What other ways are there to study a new language without the exercises, repetition, memorization? Letting the language seep into your surroundings and subconscious through your everyday interactions. Yes, that is easier if you move to the country (as I have), and interacting, but there are other ways.

  • Radio. I usually have the radio on in the background when I am home and not studying, not for the music (Which is mostly English, songs I know and love), but to always hear Swedish throughout the day, listening to the pitch and tone, the speed and nuances. Of course actually understanding what they are saying is difficult because there is a lack of context.
  • Television/Movies. A great way to learn another language is to watch T.V in that language, with subtitles in that language or your native tongue.  Or do the reversed, watch T.V in English with the Swedish subtitles, and never stop reading, constantly figuring out each word from the context. This is also a great way to pick up on less formal language and all the  slang and curses. The same goes for movies. Unfortunately, this option is limited for me at the moment as we don’t have cable right now, but that is the number one reason we are getting it hooked up.
  • Music. One of my favorite ways to absorb my new language is through music. I love to listen to Swedish music, even without knowing the language there is more context in a song than you realize. However, I do prefer to have the lyrics in Swedish and English in front of me as I listen and follow along, on repeat. Eventually you are singing lyrics you don’t know the meaning of, which is a step in the right direction. For example, I often read along to this page when listening to one of the artists I’m familiar with.
  • Reading. If you are an avid reader and have a favorite book that you know inside and out, get the book in a different language. See what  you can translate and identify by comparison. It will be difficult, but you know the story, you are simply filling in the blanks.
  • Audio book.  I’ve never used an audio book, but I probably should. It is supposed to be a great way of learning and studying. An approach I’ve never taken, but I will try eventually.

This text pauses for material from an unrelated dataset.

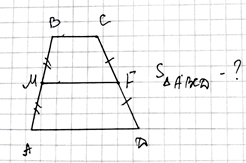 - Можно ли рассчитать площадь этой трапеции, пользуясь тем правилом, которое мы сформулировали вчера? (нет, так как не можем вычислить точно основания, но можем подсчитать длину отрезка МF, который является средней линией и вычислить площадь этого четырехугольника умножив среднюю линию на высоту).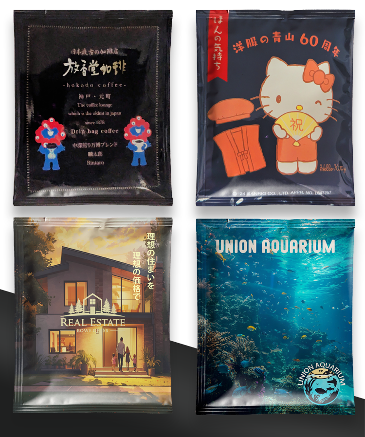弊社では、依頼されたデザインで計20万個のドリップバッグを作成しました。

Here are two videos of Swedish songs with both English and Swedish lyrics to follow along – Enjoy & tell me what you think!


7 thoughts on “Listening to Swedish: “att lyssna till svenska”

  1. Oooo I am so glad I found your blog!! I am an Australian and our long term goal is to expat in Sweden. We got close (spain) but still not there.

    Currently doing time (up to 4 years) in Bangkok but my whole family has our fingers crossed that we will be in Stockholm next…

    I can live our dream through your writing for now 🙂

  2. ooops just realised how bad that “doing time” comment sounded …. I meant we are currently expats in Bangkok – not criminals at all 😉

  3. For learning new languages, I often favour children’s books. They tend to use simple words and basic sentences with a lot of repetition. I find it is much easier to learn phrases than to try to remember vocab and grammar rules and then figure out how to put sentences together. Having a basic tourist’s phrase book can also be helpful with this. When I go abroad, I keep one in my purse just so I can quickly reference the ones I need and it does not take long for them to sink into my long term memory. Almost all of the Polish I have came from a phrase book.

    Also, since I’ve been trying to improve my German (my fiance’s family is German and his mother speaks almost no English), I often ask my fiance to answer my very simple questions in German. This way, I know what answer I am expecting and I can just hear these short phrases over and over to learn them better. I took three years of German at university, but it did not prepare me for participating in even basic conversation. So if I ask things like “What do you want for dinner?” or “What time are we leaving?” then he will answer in German. I try to ask the questions in German when I remember, too.

    • You are completely right, I meant to include children’s books but completely overlooked it at the last minute. When learning a new language you need that simplicity. Repetitive phrases is a good idea, its great that you have a habit of studying them with him.

  4. The trials of second language acquisition are universal! I’ve had the same pains in learning Spanish, and I suggest the same techniques to my students for learning English. Podcasts could be good, and I know there are some specifically for English-learners that have simpler vocab, etc, so there may be something similar in Swedish?

  5. I already could speak 3 (4 if you count Tsotsitaal) languages (Yay Africa) before moving here and Swedish wasn’t harder for me to learn than English.

    It did help that I developed a fondness for Timbuktu. And those private lessons that my employer was willing to shell out for.